Ich habe es selber allerdings noch nie umgesetzt


----------



## HausSPSler (25 November 2019)

Hi,
könntest für die ersten Versuche CODESYS V3 mehmen und die mitinstallierte Control Win64 - ( musst du WinPcap dazu installieren damit du Ethercat machen kannst)
Klar die ganzen SPS'en im CODESYS Store können auch Ethercat : PFC200 / emPC iMx6 / Plcnext / BeagleBone / Raspberry PI / IOT2040 .... usw
Dann die ESI files in CODESYS installieren.. ( ins Geräte repository) dann Netzwerkkarte auswählen.. download Slaves scannen usw..

Grüße


----------



## ErazorVIP (26 November 2019)

Danke erstmal für die Antwort, was für den Hausgebrauch was im Rahmen bleibt was ich auf einer Linux-Umgebung laufen lassen kann gibt es nicht zufällig?


----------



## HausSPSler (26 November 2019)

Hi,
es gibt halt für Linux 64Bit ( z.B Debian oder Ubuntu) das hier:
https://store.codesys.com/codesys-control-for-linux-sl.html

Grüße


----------



## ErazorVIP (28 November 2019)

Ok Danke Edwin,

das ist leider für mein Hausgebrauch nicht im Budget 
Mal schauen was ich noch finde!


----------



## blackpeat (9 Dezember 2019)

Hab das gerade durch Zufall gefunden vielleicht hilft es.
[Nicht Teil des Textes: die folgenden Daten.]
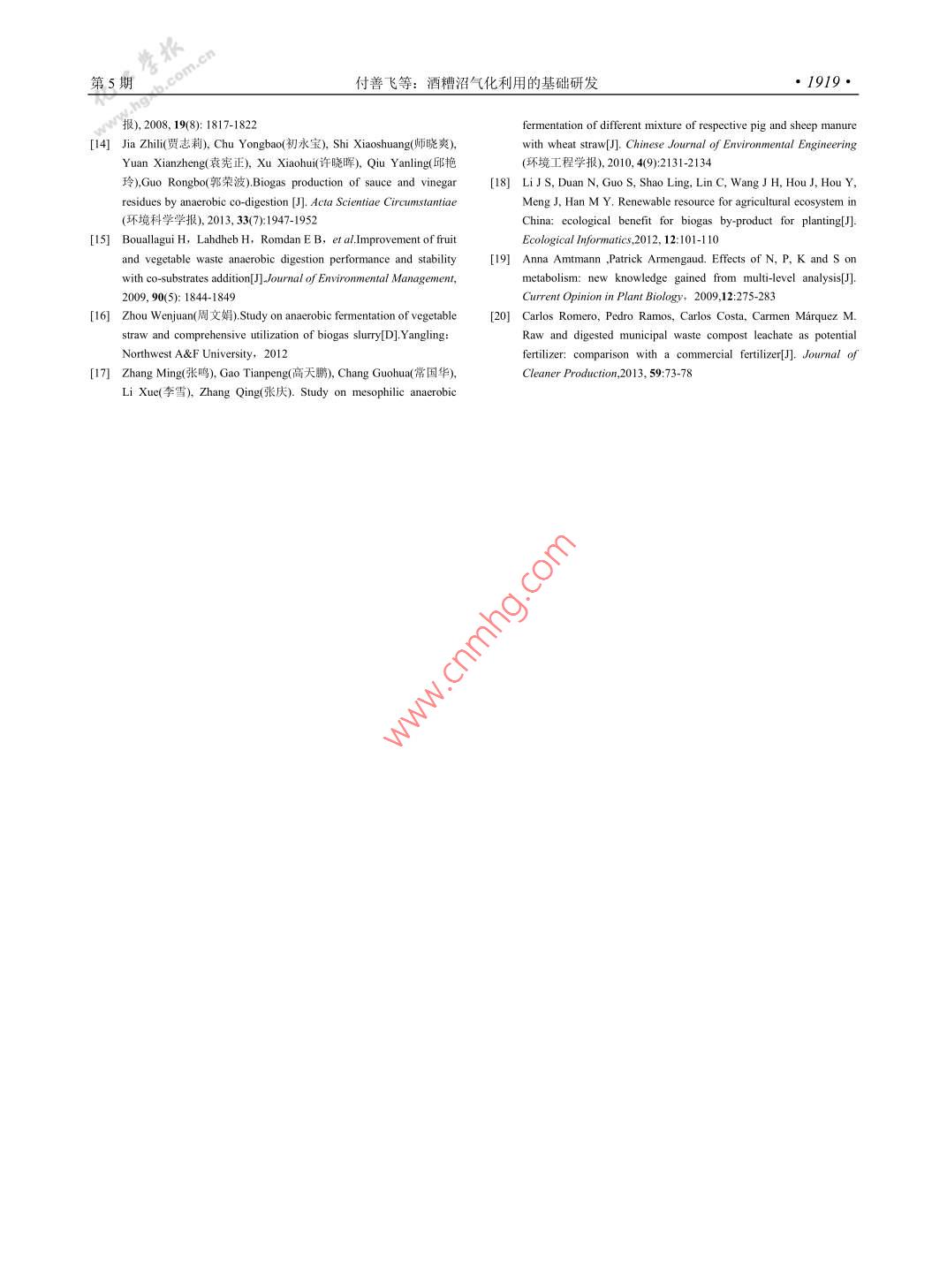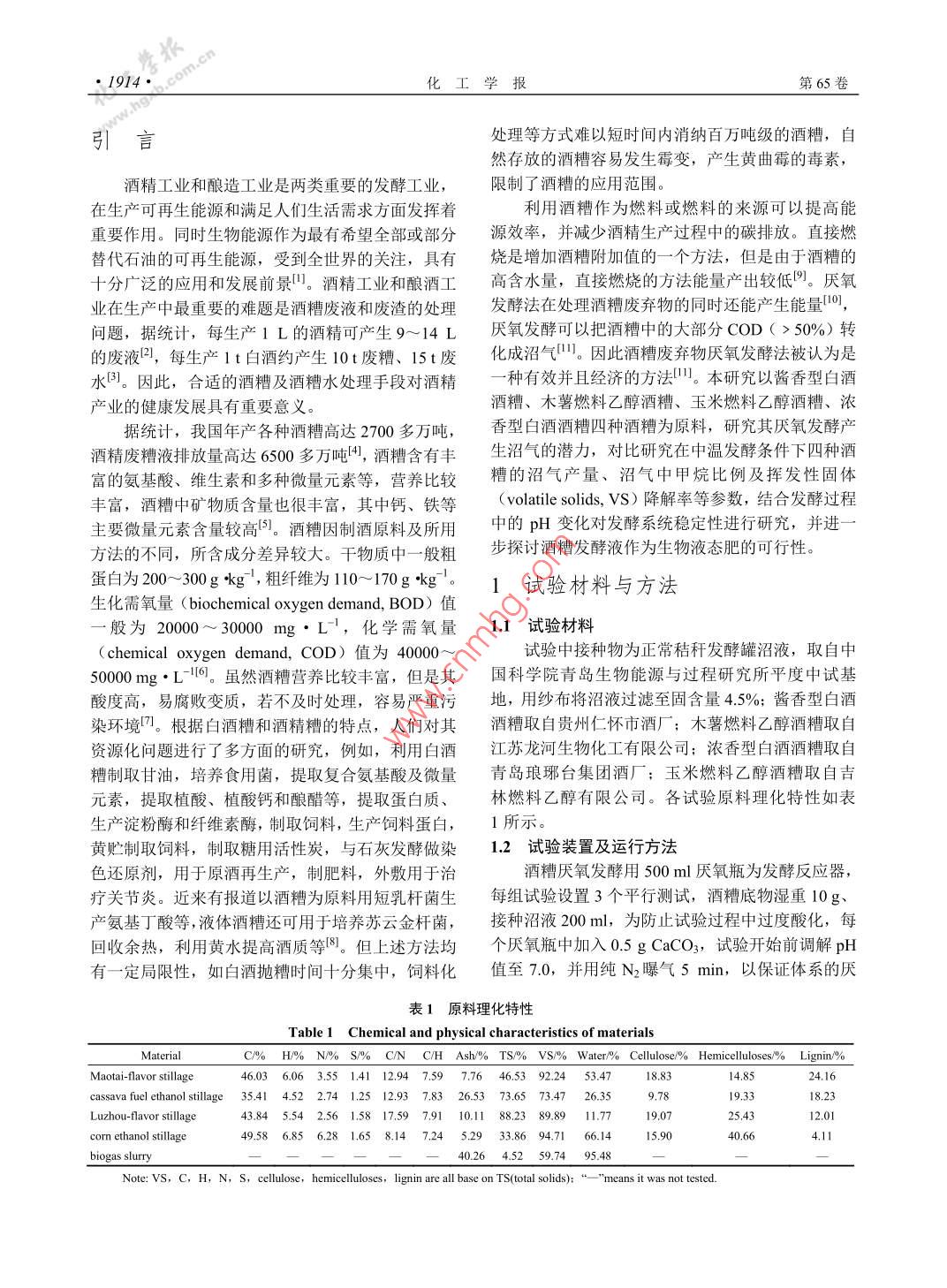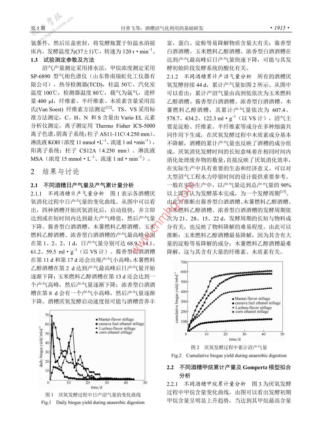 酒糟沼气化利用的基础研发

https://www.openplcproject.com/


----------



## Michael.Uray (9 Dezember 2019)

Warum eigentlich Ethercat?
Die IOs z.B. über Modbus TCP anzubinden würde vermutlich mehr Möglichkeiten bieten, etwa die Verwendung von Node-RED.
Was hast du denn eigentlich damit vor?


----------



## HausSPSler (9 Dezember 2019)

dann nimm halt einen PI oder Beaglebone... aber bleib bei Ethercat ;-)


----------



## ErazorVIP (4 Februar 2020)

MichaelUray schrieb:


> Warum eigentlich Ethercat?
> Die IOs z.B. über Modbus TCP anzubinden würde vermutlich mehr Möglichkeiten bieten, etwa die Verwendung von Node-RED.
> Was hast du denn eigentlich damit vor?



Hallo,

ich habe ein Ethercat Coppler und einigen IOs - den kann ich doch nicht per Modbus betreiben oder?


----------



## Michael.Uray (6 Februar 2020)

ErazorVIP schrieb:


> ich habe ein Ethercat Coppler und einigen IOs - den kann ich doch nicht per Modbus betreiben oder?



Wenn der Koppler nur Ethercat kann, dann nicht.


----------